RECORDED DATA
......

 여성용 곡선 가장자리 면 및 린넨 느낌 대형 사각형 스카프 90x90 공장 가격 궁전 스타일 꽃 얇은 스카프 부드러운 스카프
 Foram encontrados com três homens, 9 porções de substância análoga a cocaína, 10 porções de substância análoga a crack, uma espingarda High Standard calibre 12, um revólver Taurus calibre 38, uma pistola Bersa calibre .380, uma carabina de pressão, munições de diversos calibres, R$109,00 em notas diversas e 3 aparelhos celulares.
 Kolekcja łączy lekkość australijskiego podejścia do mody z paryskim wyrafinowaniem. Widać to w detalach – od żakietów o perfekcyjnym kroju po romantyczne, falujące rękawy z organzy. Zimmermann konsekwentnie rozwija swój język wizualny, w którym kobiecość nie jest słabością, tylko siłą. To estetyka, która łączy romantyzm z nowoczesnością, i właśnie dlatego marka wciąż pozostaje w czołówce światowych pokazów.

......

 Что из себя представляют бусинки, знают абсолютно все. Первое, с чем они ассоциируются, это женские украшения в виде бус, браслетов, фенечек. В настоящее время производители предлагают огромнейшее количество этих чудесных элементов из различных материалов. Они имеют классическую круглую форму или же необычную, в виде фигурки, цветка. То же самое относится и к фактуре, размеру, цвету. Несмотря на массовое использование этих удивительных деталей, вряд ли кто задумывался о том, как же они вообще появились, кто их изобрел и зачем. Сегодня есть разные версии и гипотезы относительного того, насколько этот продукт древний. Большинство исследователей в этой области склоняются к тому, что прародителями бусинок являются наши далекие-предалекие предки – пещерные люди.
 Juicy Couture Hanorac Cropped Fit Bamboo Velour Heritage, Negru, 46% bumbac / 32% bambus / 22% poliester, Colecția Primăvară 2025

......

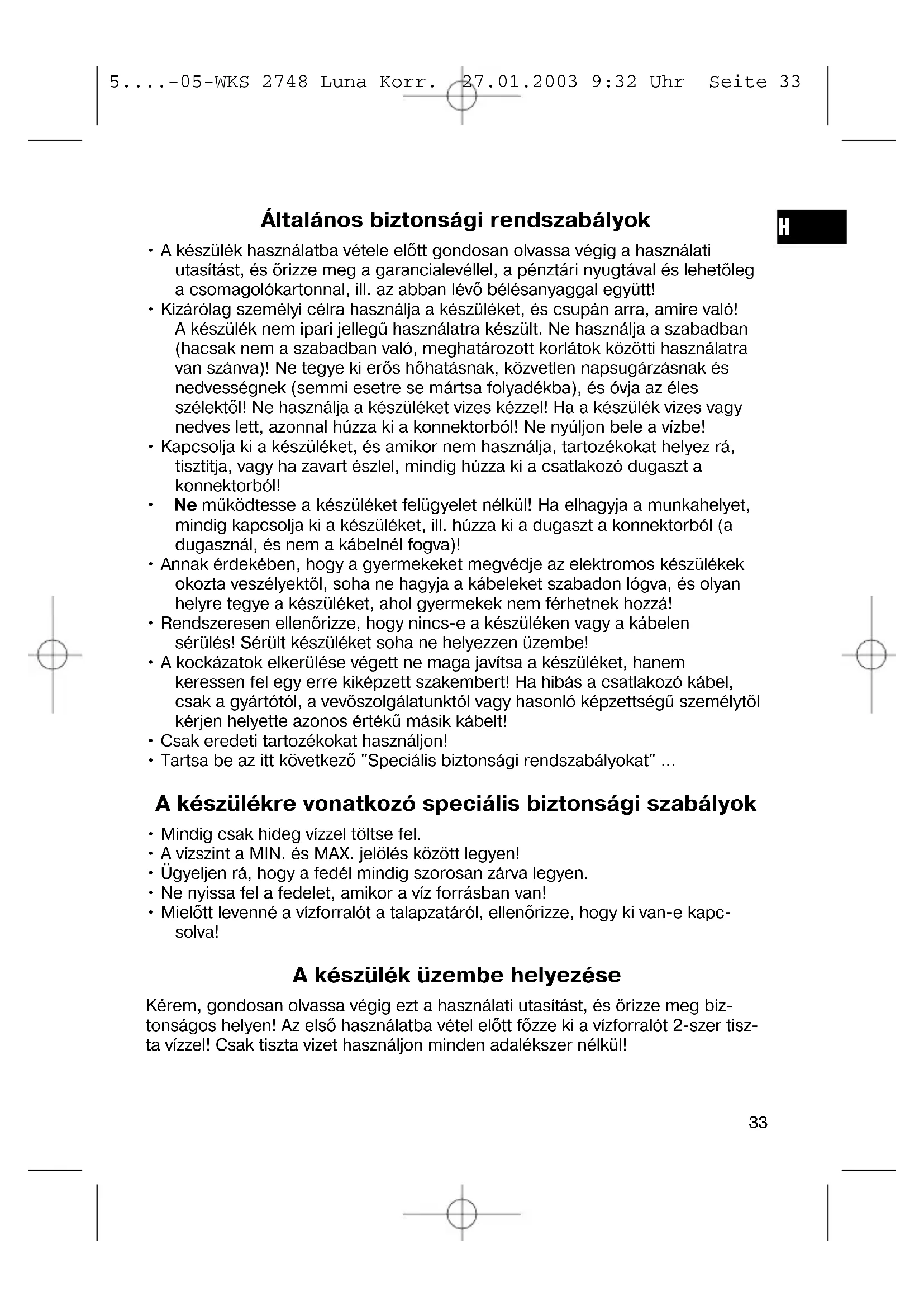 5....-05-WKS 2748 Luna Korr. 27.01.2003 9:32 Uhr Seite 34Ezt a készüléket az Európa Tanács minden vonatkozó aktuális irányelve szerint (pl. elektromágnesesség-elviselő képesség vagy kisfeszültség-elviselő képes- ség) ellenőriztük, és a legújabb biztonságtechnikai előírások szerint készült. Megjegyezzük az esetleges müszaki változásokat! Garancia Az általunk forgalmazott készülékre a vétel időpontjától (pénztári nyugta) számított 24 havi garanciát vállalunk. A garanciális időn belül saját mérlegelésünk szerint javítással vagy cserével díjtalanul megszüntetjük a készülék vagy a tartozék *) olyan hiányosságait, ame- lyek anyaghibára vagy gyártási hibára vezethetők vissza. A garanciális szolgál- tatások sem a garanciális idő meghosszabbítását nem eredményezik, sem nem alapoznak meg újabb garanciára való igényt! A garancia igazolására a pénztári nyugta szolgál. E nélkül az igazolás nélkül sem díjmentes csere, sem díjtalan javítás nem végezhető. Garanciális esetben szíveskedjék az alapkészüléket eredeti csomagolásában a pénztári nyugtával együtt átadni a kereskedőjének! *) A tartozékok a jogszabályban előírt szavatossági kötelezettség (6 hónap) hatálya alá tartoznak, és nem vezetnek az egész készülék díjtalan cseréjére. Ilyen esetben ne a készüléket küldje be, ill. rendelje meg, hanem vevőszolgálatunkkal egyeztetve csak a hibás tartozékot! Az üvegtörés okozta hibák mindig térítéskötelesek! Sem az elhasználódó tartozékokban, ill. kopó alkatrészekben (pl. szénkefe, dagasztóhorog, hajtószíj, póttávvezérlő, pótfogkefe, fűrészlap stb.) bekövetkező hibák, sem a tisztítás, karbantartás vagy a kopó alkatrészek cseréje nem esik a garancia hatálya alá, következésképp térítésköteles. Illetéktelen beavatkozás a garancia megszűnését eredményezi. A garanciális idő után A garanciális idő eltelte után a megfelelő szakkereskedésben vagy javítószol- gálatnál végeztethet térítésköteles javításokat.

......

WHAT IS NEEDED
In the listing above, find the line with "여성용 곡선 가장자리" and the line with "Foram encontrados com"; output exactly those lines and all lines between them.

EXPECTED ANSWER
 여성용 곡선 가장자리 면 및 린넨 느낌 대형 사각형 스카프 90x90 공장 가격 궁전 스타일 꽃 얇은 스카프 부드러운 스카프
 Foram encontrados com três homens, 9 porções de substância análoga a cocaína, 10 porções de substância análoga a crack, uma espingarda High Standard calibre 12, um revólver Taurus calibre 38, uma pistola Bersa calibre .380, uma carabina de pressão, munições de diversos calibres, R$109,00 em notas diversas e 3 aparelhos celulares.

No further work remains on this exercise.